- What this task involves:
Please restate word for word the lines of the entries below from the one with "We had a couple" to the one with "-Uri $URI $HTML.AllElements | Out-Gridview", inclusive, and leave out every picture.

Records from a data source
===

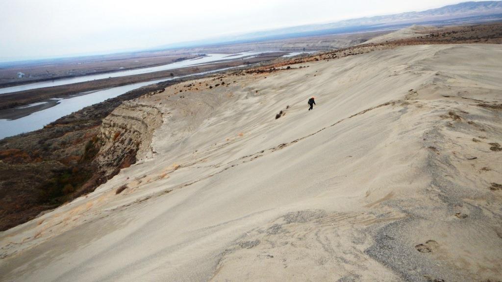 After we climbed the dunes, we as “loopers” decided to take the Columbia shoreline back. Climbing down through layers of sandstone we oohed and ahhed at the swirls and layers of sandstone and siltstone, which varied from shades of pink to green and yellow, but predominantly white. We speculated that this sand was deposited by the ancestral Columbia as it meandered through a flat basin many many years ago. Later on, we discovered concretions of this silt and sandstone on the beach (some folks call them “sand babies”). These are crazy fun layered globular cemented sand and silt grains, which form as groundwater seeps through the layers, causing the grains to adhere to foreign objects. Most appear to be attached to small pieces of wood, which has long since turned to rock (the Ringold Formation here is around 5 million years old). The mud is a little factor down here, as it quickly sticks to the boots adding an extra pound of weight and forms wet cement slippers on the dogs paws. Never fear though, if you take the route back that we did through a swamp (not advisable) that stuff will quickly wash off… If you do the loop, cut back to the parking area the same way you came at the bottom of the bluff… don’t cross the little catchment basin.
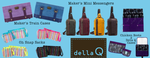 We had a couple custom orders for the Della Q Train Cases and Maker's Mini Messenger bags and we thought they were so fabulous that we needed to stock them in the shop! The train cases are hard sided with the option to attach 2 short handles, a long strap, or both! They have a place to stow your yarn with a yarn guide so you can knit when the case is closed, a tray for your notions and the inside of the lid is magnetic, perfect for holding onto your metal stitch markers and tapestry needles that love to get lost.
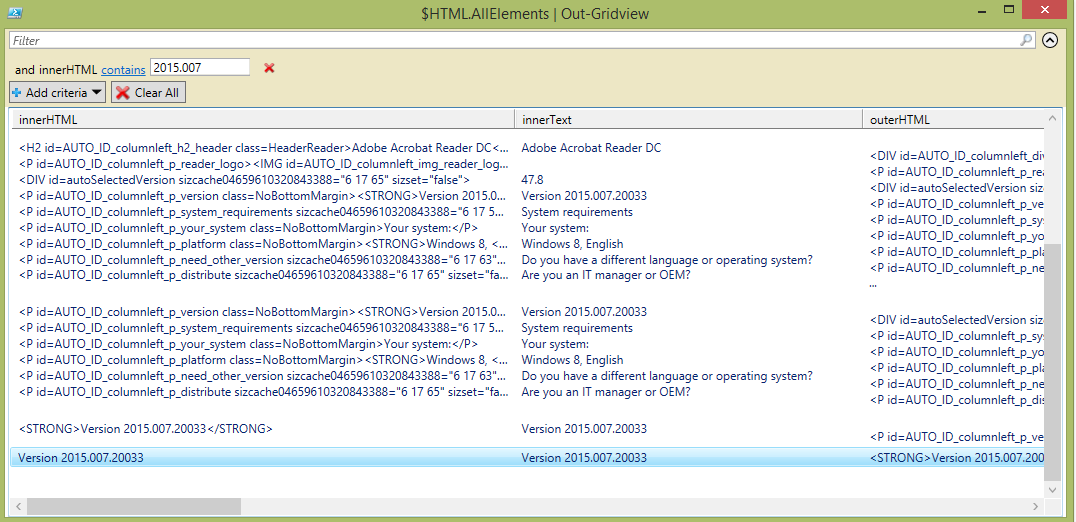 $URI = "https://get.adobe.com/uk/reader/" $HTML = Invoke-WebRequest -Uri $URI $HTML.AllElements | Out-Gridview
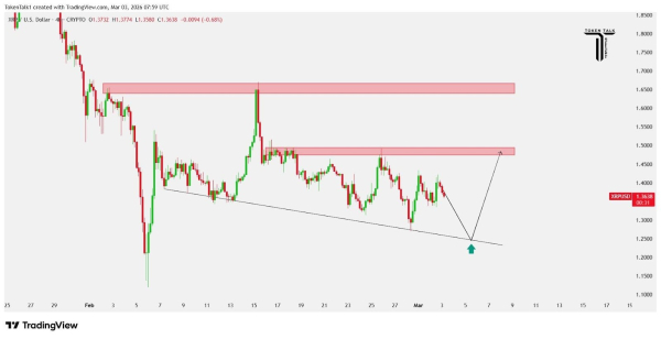 Зростання активності співпало зі зростанням ціни. $XRP виріс приблизно на 14% за 48 годин і пробився вище за $1.60. На момент публікації ціна трохи знизилася, торгуючись на рівні $1,54 після зростання на 3,6% за останній день. Цей сплеск збільшив тижневе зростання $XRP до 11%.
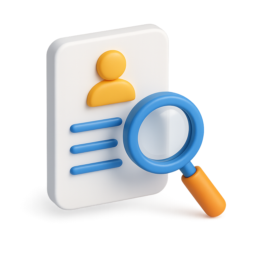 /Collection: /by davooda/Type: PNG/A 3D icon depicting a resume with a magnifying glass, showcasing a transparent background and an isometric design. The icon has a modern and volumetric feel, ideal for job search applications.

===

- Expected output:
 We had a couple custom orders for the Della Q Train Cases and Maker's Mini Messenger bags and we thought they were so fabulous that we needed to stock them in the shop! The train cases are hard sided with the option to attach 2 short handles, a long strap, or both! They have a place to stow your yarn with a yarn guide so you can knit when the case is closed, a tray for your notions and the inside of the lid is magnetic, perfect for holding onto your metal stitch markers and tapestry needles that love to get lost.
 $URI = "https://get.adobe.com/uk/reader/" $HTML = Invoke-WebRequest -Uri $URI $HTML.AllElements | Out-Gridview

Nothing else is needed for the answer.